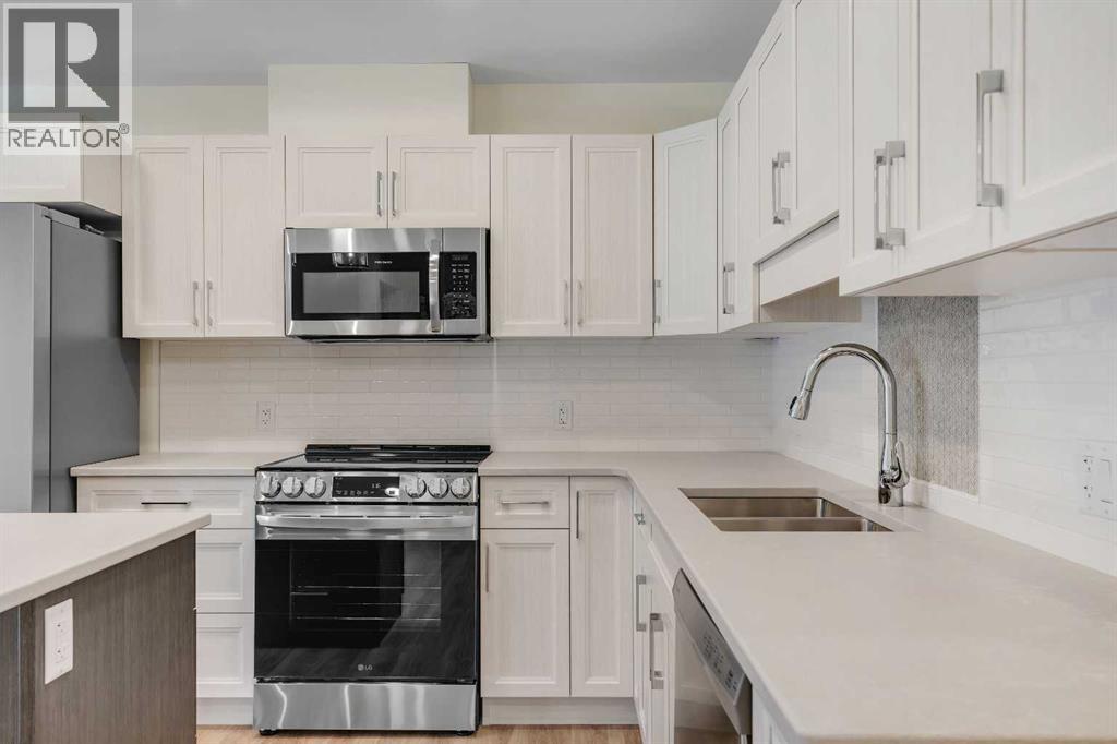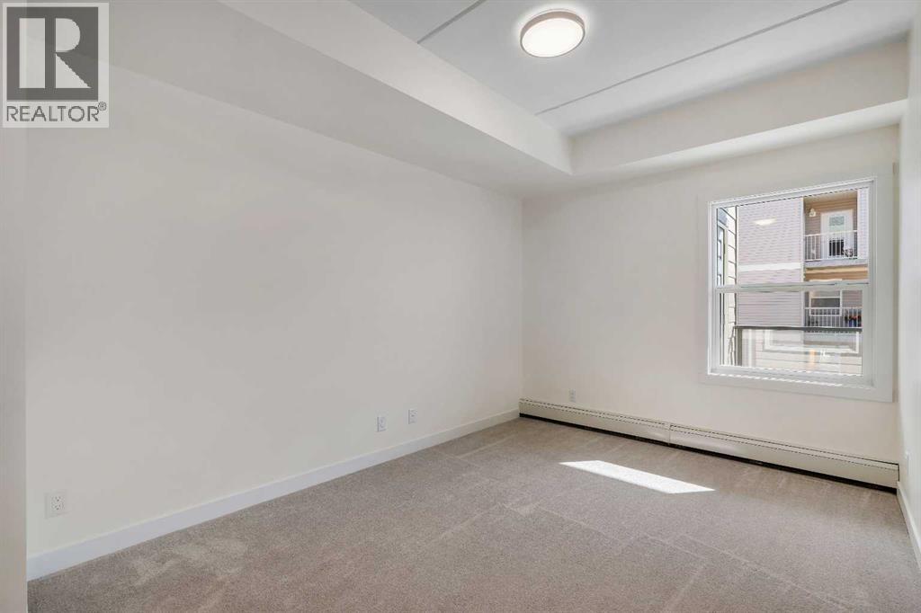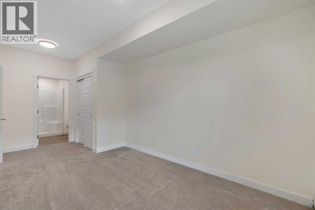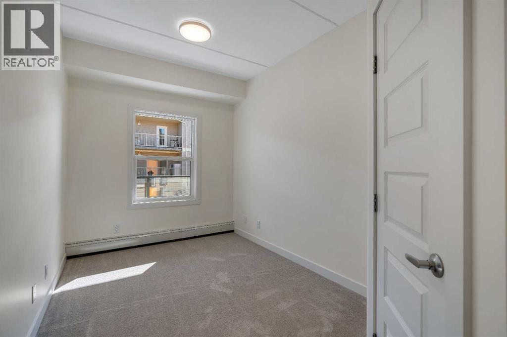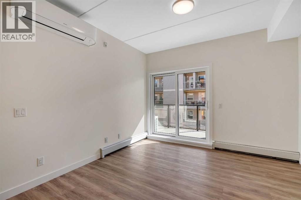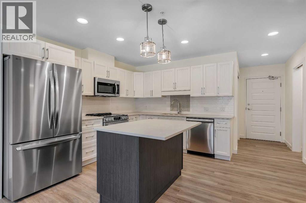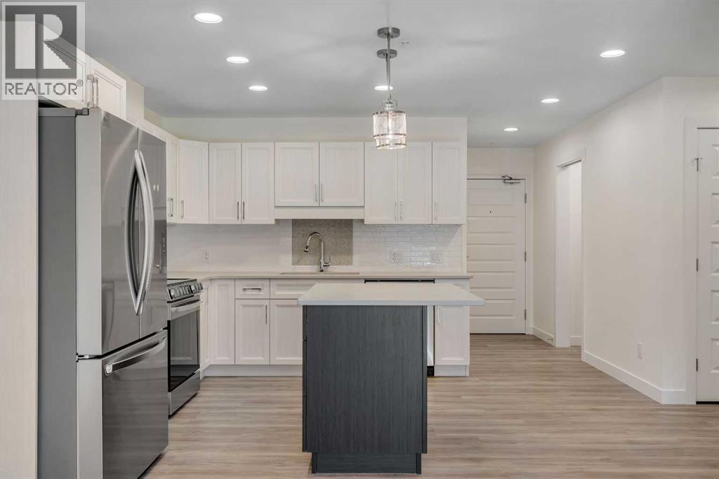 Welcome to 302, 404 1 Avenue SE – a stunning brand new, never-lived-in, south-facing condo that combines modern finishes, comfort, and convenience in one of the area’s most desirable buildings. Step inside this bright 2-bedroom, 2-bathroom home and be greeted by luxury vinyl plank flooring, quartz countertops, 9 ft flat-finish ceilings, and recessed kitchen lighting. The open-concept design makes the living space perfect for entertaining or relaxing, while the thoughtfully designed layout ensures both bedrooms are generously sized. From your 6' x 22' covered deck, you’ll enjoy breathtaking mountain views and plenty of room to unwind outdoors. The deck is equipped with a natural gas BBQ line and includes two enclosed storage rooms, giving you convenient extra space right outside your door. This home also comes with in-suite laundry featuring a stacked washer and dryer, as well as air conditioning for year-round comfort. Thanks to the building’s cement-core floor construction, you’ll appreciate how quiet and private each suite feels. The community is also proudly pet-friendly, allowing up to two small or medium dogs, and even includes a heated parkade dog wash to keep your pets clean and happy. Your parking is secure with a large indoor parking stall, and there’s no shortage of guest and street parking for visitors. The building itself provides a range of thoughtful amenities, including a fitness centre, social room, and a workshop space ideal for carpentry or other hobbies. With heat and water/sewer included in the low condo fees, this home offers exceptional value. Whether you’re downsizing, investing, or purchasing your first home, this unit delivers unbeatable appeal with its brand-new condition, mountain views, and full suite of amenities. (id:53676)
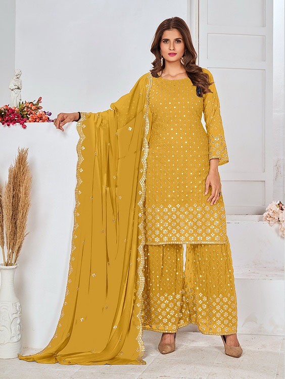 Yellow Georgette Embroidery Stone Work Sharara Suit
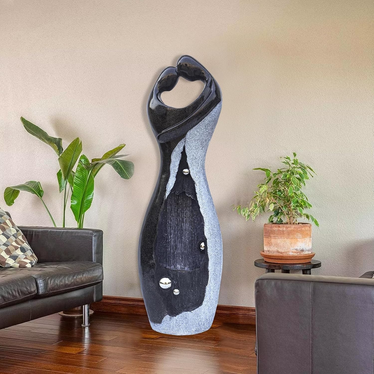 Modern Waterfall Fountains Graceful Hugging Couple Gurgling Water Features Outdoor Indoor Garden Faux Stone Zen Fountain in Marble Color for Courtyard, Patio, Lawn, Lobby 47" Height
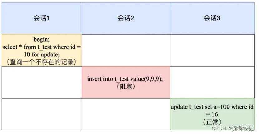 Ⅲ、会话 2 因为往间隙锁里插入了 b = 9 的记录,所以会被锁住,而 b = 16 是没有被加锁的,因此会话 3 的语句可以正常执行。
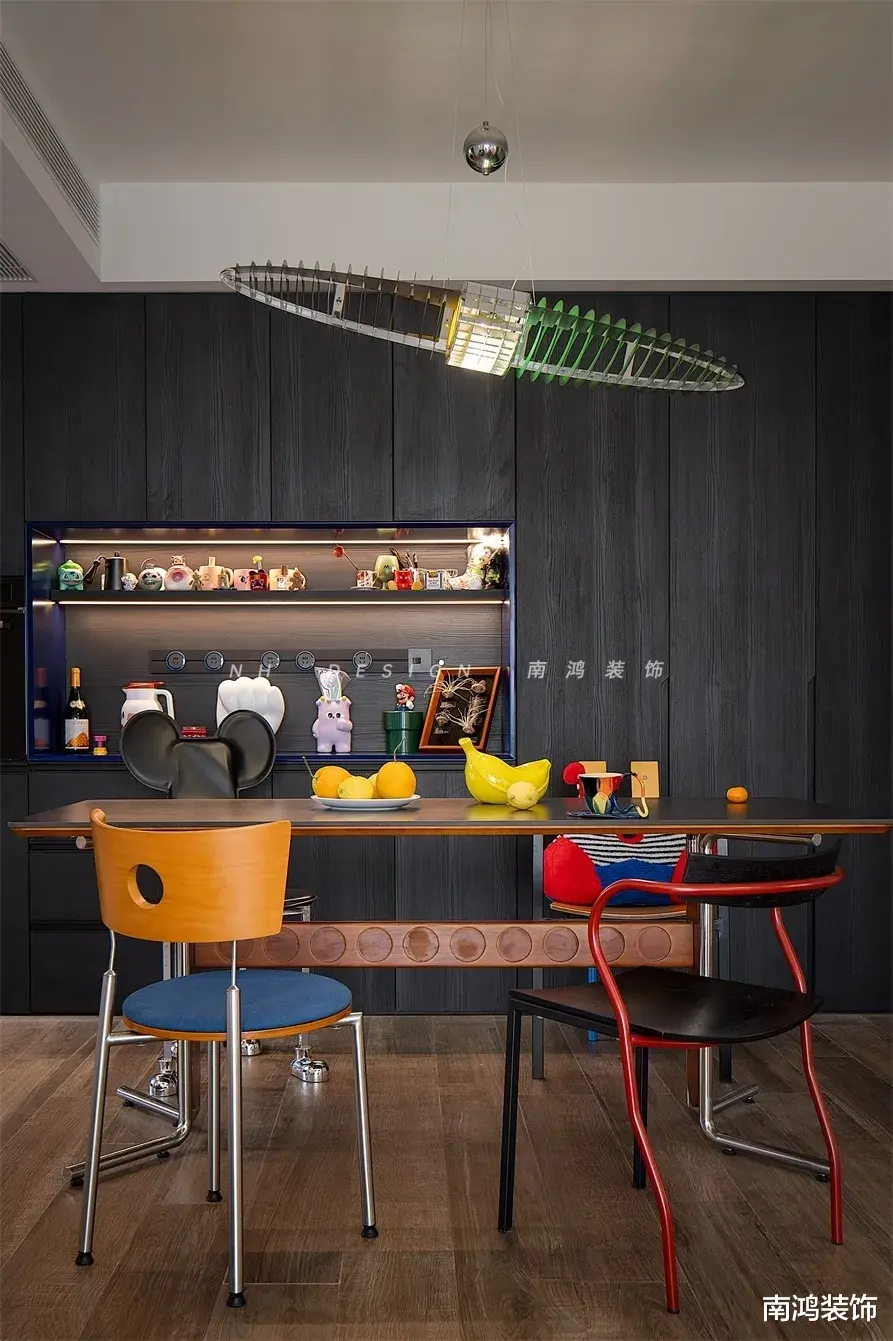 如果是追求复古格调的家,则可以尝试用深胡桃木色、墨绿、炭黑等沉稳色系,为空间注入比较浓厚的叙事感。

-*-*-

THE TASK: Copy exactly the lines from the one containing "Yellow Georgette Embroidery" to the end of the records, both included, and leave the pictures out.

RESULT:
 Yellow Georgette Embroidery Stone Work Sharara Suit
 Modern Waterfall Fountains Graceful Hugging Couple Gurgling Water Features Outdoor Indoor Garden Faux Stone Zen Fountain in Marble Color for Courtyard, Patio, Lawn, Lobby 47" Height
 Ⅲ、会话 2 因为往间隙锁里插入了 b = 9 的记录,所以会被锁住,而 b = 16 是没有被加锁的,因此会话 3 的语句可以正常执行。
 如果是追求复古格调的家,则可以尝试用深胡桃木色、墨绿、炭黑等沉稳色系,为空间注入比较浓厚的叙事感。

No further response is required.